I used to mix it with some SRP back in the day :thumb:


----------



## adamangler (Mar 9, 2013)

why is t cut a joke?

its not its great for what its designed for. consumers who have limited knowledge can pick up a bottle and by hand can improve their vehicles paintwork. i can see no reason why you cant use it as a budget cutting compound


----------



## sunnydude959 (Jan 3, 2014)

The problem with T-cut on cars is that there are far more technologically advanced ways of dealing with a given problem for not that much more money. Plus, as someone mentioned above, its not a good idea with metallic paint which is what most cars seem to have nowadays.

For example, you have a bit of bird crap stained into the paintwork, or perhaps you have a mild graze or shallow scratches - You can use megs ScratchX which has diminishing abrasives in it (put simply, when worked into the paintwork, it automagically starts as big particles to provide some form of cutting action, and gets smaller and smaller to provide a glossy polishing action).


----------



## turbosnoop (Apr 14, 2015)

So if it doesn't diminish, it probably cuts quicker by hand than diminishing abrasives? 
So if you just follow it up with a light cut product, say m205? , its all good? Plus its a fraction of the price of some of the alternatives around, which is never a bad thing.
Is it fair to say if you have no choice but to work by hand, and can follow up with a light cut polish, and you are looking to restore/renovate bad paint, tcuts maybe not such a bad option?
Everything has its place doesn't it?
Awaiting being trolled now :lol:


----------



## Harry_p (Mar 18, 2015)

I still have a bottle in my collection, a quick one stage process to get a decent gloss out of rattlecanned paint. Used to work wonders on my solid red BMW e30 too.

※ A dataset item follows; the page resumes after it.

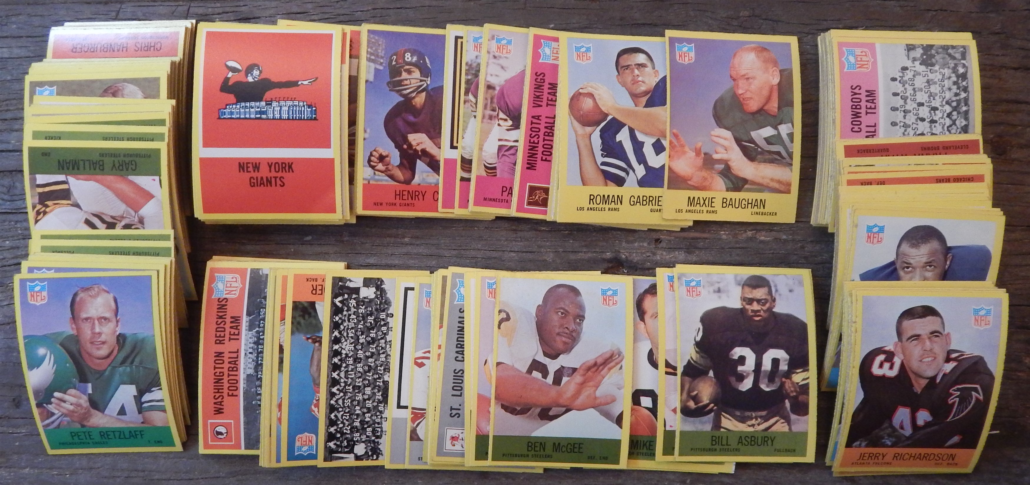 Large grouping of over 1,200+ cards from the 1967 Philadelphia football issue, the last of four sets issued by the Philadelphia Gum Co. No major stars but most other cards are here. Condition varies but ranges from VG to EX/MT, with many having light foxing and/or toning.

I'm sure there are more technologically advanced products, and definitely plenty which smell better! But as a simple abrasive polish it does the job.

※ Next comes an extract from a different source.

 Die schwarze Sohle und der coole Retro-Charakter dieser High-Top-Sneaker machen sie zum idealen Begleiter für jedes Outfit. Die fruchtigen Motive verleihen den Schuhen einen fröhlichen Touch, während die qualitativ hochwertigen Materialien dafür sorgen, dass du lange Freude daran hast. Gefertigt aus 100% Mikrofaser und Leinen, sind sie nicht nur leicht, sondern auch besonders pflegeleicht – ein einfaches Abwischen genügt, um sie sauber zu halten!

I actually quite like working it, starting off feeling rough almost like a wet and dry paper, gradually smithing out until it starts to remove itself from the surface.

A quick once over with Srp for a final clean and you're left with a perfectly acceptable finish.

I think a lot of the bad press it used to get was because people saw it on the shelf in halfords and tried to use it like a wax, buff on, leave to dry, buff off which does virtually no cutting and leaves a mess that's a nightmare to remove.


----------



## sunnydude959 (Jan 3, 2014)

Well it certainly cuts, but the problem is that it can cut too much. Remember, once clear coat comes off, theres no way to put it back on again unless you get a full respray. This wont happen with one application of course, but over a few usages it will have taken considerably more CC off than other products. In other words you don't want to overshoot the amount of cc that you take off

In terms of finishing, im not really sure if 205 can be applied by hand- I presume that the human arm hasn't got the force required to correctly activate the abrasives' functionality - but I'll wait for someone else to clarify that. I haven't moved onto machine yet!!


----------



## turbosnoop (Apr 14, 2015)

I wasn't trying to make a statement about m205, just tcut, so please just think of some sort of light cutting polish which is ok for hand use, doesn't have to be m205, it just came to mind as I use it (by machine)


----------



## jj9 (Jun 11, 2015)

sunnydude959 said:


> The problem with T-cut on cars is that there are far more technologically advanced ways of dealing with a given problem for not that much more money. Plus, as someone mentioned above, its not a good idea with metallic paint which is what most cars seem to have nowadays.
> 
> For example, you have a bit of bird crap stained into the paintwork, or perhaps you have a mild graze or shallow scratches - You can use megs ScratchX which has diminishing abrasives in it (put simply, when worked into the paintwork, it automagically starts as big particles to provide some form of cutting action, and gets smaller and smaller to provide a glossy polishing action).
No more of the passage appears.